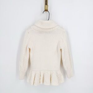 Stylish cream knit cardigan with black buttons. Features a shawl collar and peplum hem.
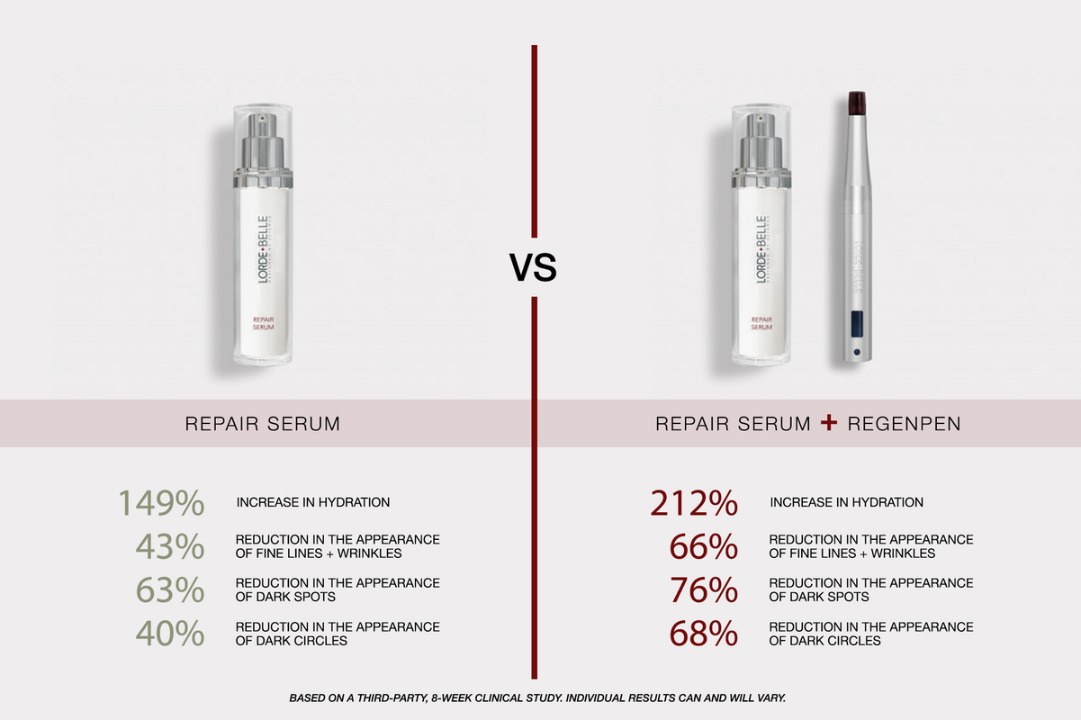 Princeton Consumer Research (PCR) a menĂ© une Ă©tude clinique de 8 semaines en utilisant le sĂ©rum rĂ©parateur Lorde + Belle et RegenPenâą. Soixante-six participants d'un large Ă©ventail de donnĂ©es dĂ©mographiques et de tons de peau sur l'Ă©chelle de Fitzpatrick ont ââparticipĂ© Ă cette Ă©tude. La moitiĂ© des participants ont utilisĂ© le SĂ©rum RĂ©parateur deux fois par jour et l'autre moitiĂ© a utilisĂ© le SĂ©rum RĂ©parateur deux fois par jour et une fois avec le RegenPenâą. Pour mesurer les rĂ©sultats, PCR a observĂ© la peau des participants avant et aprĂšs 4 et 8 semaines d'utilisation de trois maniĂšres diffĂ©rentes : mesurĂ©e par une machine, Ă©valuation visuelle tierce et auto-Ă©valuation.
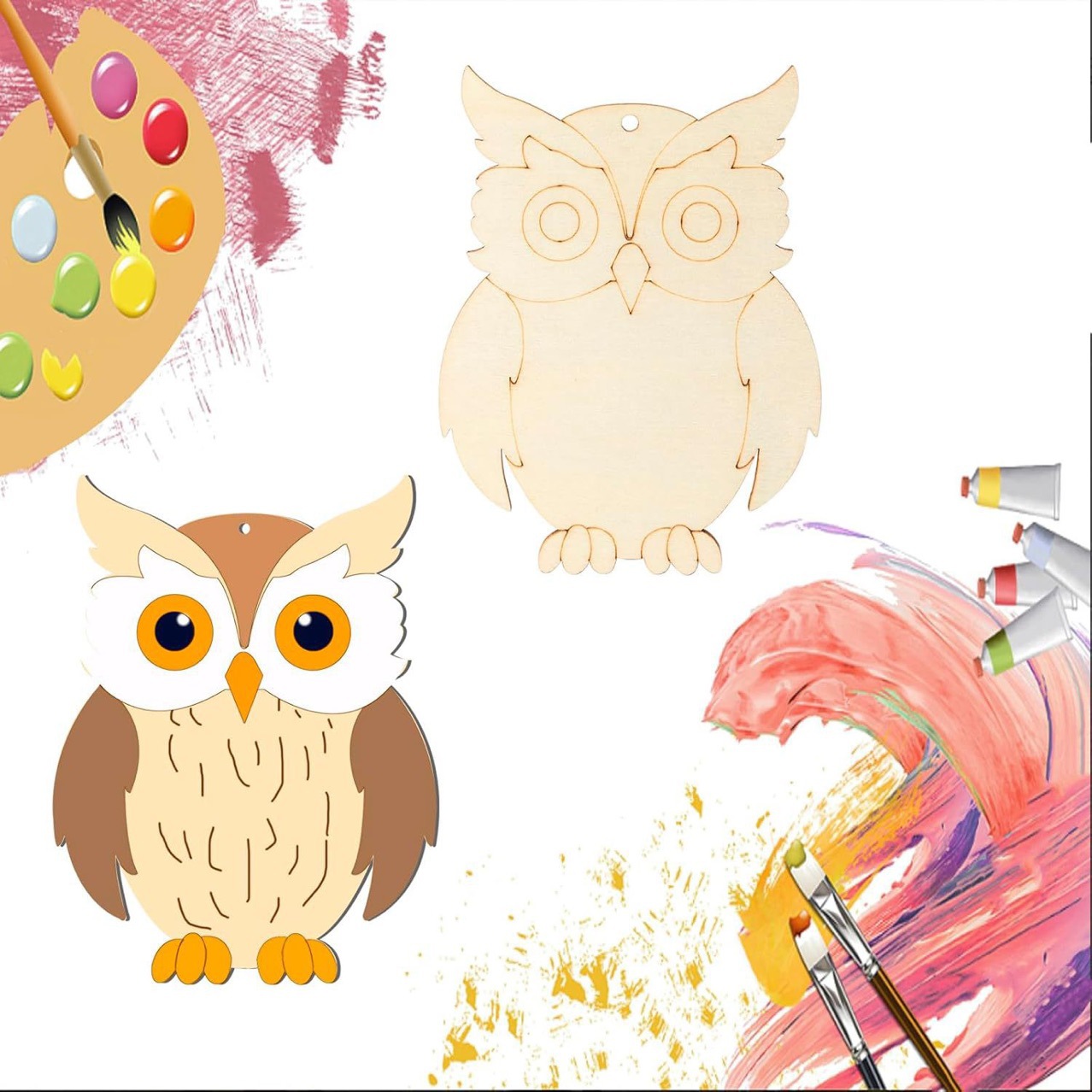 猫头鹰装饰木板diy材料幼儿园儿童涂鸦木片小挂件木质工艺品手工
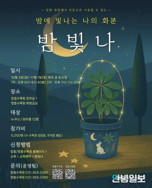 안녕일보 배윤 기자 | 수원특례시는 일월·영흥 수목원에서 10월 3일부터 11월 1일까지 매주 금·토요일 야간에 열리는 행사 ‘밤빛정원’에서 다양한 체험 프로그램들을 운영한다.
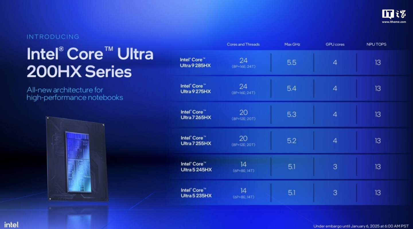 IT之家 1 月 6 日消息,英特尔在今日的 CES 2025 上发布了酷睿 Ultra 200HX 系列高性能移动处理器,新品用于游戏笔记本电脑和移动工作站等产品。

* * * * * * *

** WORK INSTRUCTIONS **
Please copy exactly the lines from the one containing "안녕일보 배윤 기자 |" through the last line of the records, both ends included, and leave out any pictures.

** RESULT FOR THIS EXERCISE **
 안녕일보 배윤 기자 | 수원특례시는 일월·영흥 수목원에서 10월 3일부터 11월 1일까지 매주 금·토요일 야간에 열리는 행사 ‘밤빛정원’에서 다양한 체험 프로그램들을 운영한다.
 IT之家 1 月 6 日消息,英特尔在今日的 CES 2025 上发布了酷睿 Ultra 200HX 系列高性能移动处理器,新品用于游戏笔记本电脑和移动工作站等产品。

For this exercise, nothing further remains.